Exercise details
The line containing "De master bedroom" marks the start of the required copy, which runs to the final line of the entries; return those lines exactly, without any pictures.

Recorded data
⟨
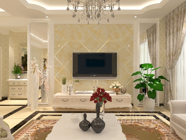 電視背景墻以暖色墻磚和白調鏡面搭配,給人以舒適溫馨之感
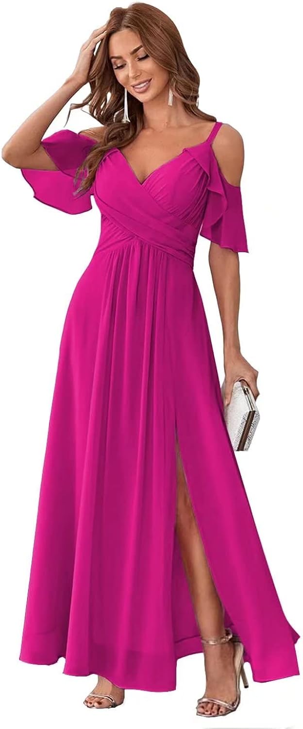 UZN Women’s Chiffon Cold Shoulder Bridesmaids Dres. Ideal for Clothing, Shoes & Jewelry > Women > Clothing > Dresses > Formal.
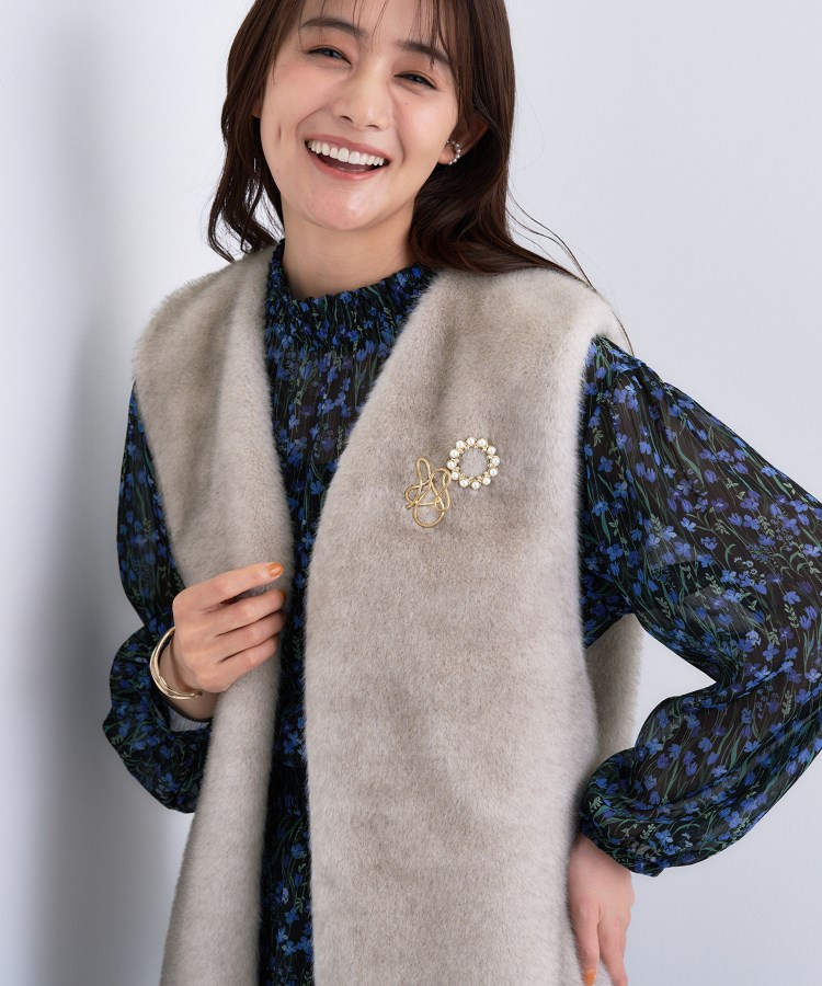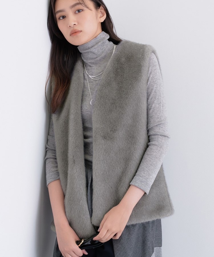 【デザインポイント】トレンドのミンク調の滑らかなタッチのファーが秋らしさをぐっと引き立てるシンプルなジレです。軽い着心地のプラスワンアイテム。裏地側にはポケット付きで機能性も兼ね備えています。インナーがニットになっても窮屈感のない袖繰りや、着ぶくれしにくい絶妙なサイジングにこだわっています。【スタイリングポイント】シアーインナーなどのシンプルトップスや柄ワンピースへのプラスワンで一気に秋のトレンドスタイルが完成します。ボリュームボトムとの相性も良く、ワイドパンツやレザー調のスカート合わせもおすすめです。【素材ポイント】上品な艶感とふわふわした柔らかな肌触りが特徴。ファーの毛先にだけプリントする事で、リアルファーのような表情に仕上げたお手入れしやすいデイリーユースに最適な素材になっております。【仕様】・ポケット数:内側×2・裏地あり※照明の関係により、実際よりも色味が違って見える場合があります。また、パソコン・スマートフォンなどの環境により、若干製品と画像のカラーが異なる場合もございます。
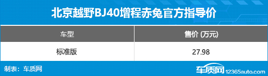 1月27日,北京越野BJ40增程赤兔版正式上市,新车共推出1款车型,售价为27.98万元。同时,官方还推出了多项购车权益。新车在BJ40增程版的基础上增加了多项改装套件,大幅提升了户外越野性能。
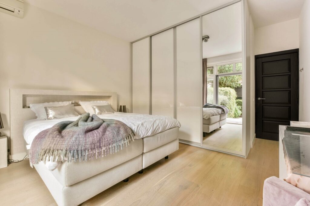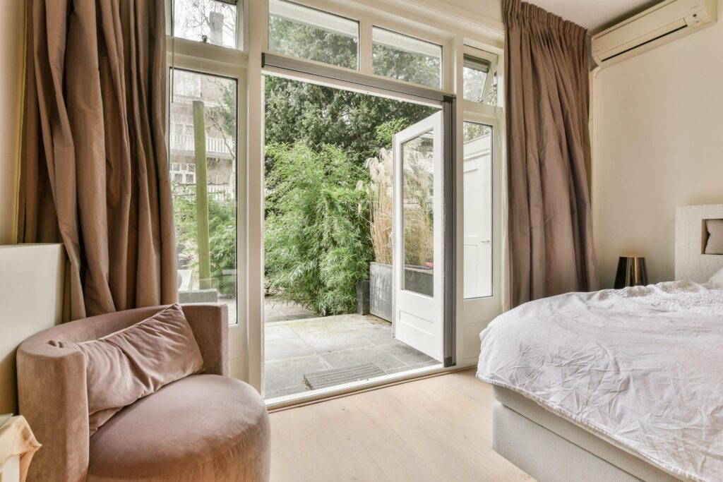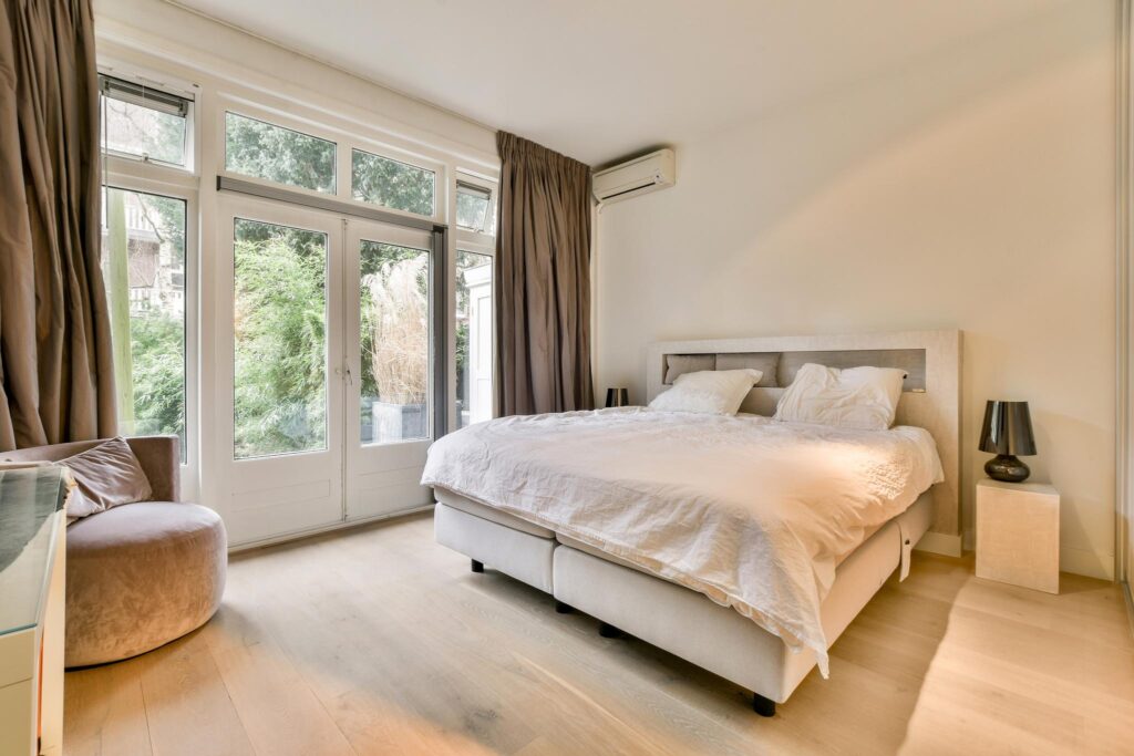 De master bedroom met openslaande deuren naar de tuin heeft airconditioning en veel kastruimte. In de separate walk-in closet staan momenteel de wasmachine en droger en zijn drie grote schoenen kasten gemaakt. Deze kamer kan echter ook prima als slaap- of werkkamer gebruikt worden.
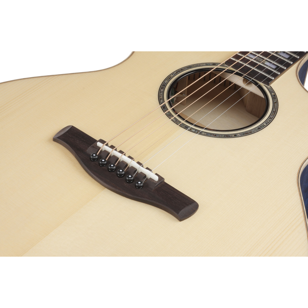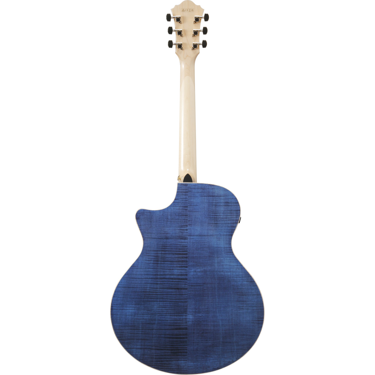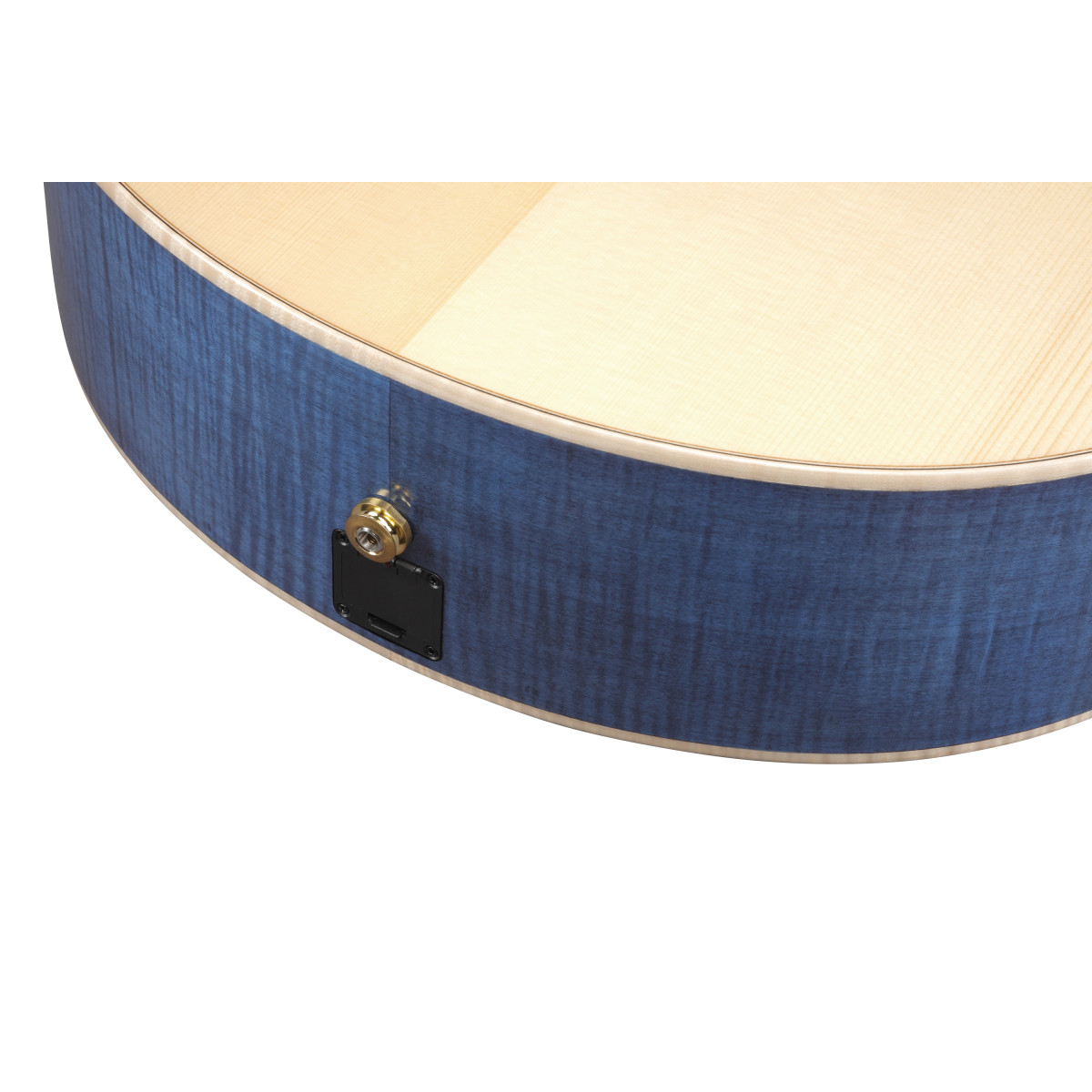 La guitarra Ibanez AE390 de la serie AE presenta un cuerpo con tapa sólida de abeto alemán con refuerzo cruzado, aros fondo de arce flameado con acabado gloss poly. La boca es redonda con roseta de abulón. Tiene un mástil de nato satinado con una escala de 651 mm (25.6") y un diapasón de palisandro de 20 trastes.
⟩
Response to the task
 De master bedroom met openslaande deuren naar de tuin heeft airconditioning en veel kastruimte. In de separate walk-in closet staan momenteel de wasmachine en droger en zijn drie grote schoenen kasten gemaakt. Deze kamer kan echter ook prima als slaap- of werkkamer gebruikt worden.
 La guitarra Ibanez AE390 de la serie AE presenta un cuerpo con tapa sólida de abeto alemán con refuerzo cruzado, aros fondo de arce flameado con acabado gloss poly. La boca es redonda con roseta de abulón. Tiene un mástil de nato satinado con una escala de 651 mm (25.6") y un diapasón de palisandro de 20 trastes.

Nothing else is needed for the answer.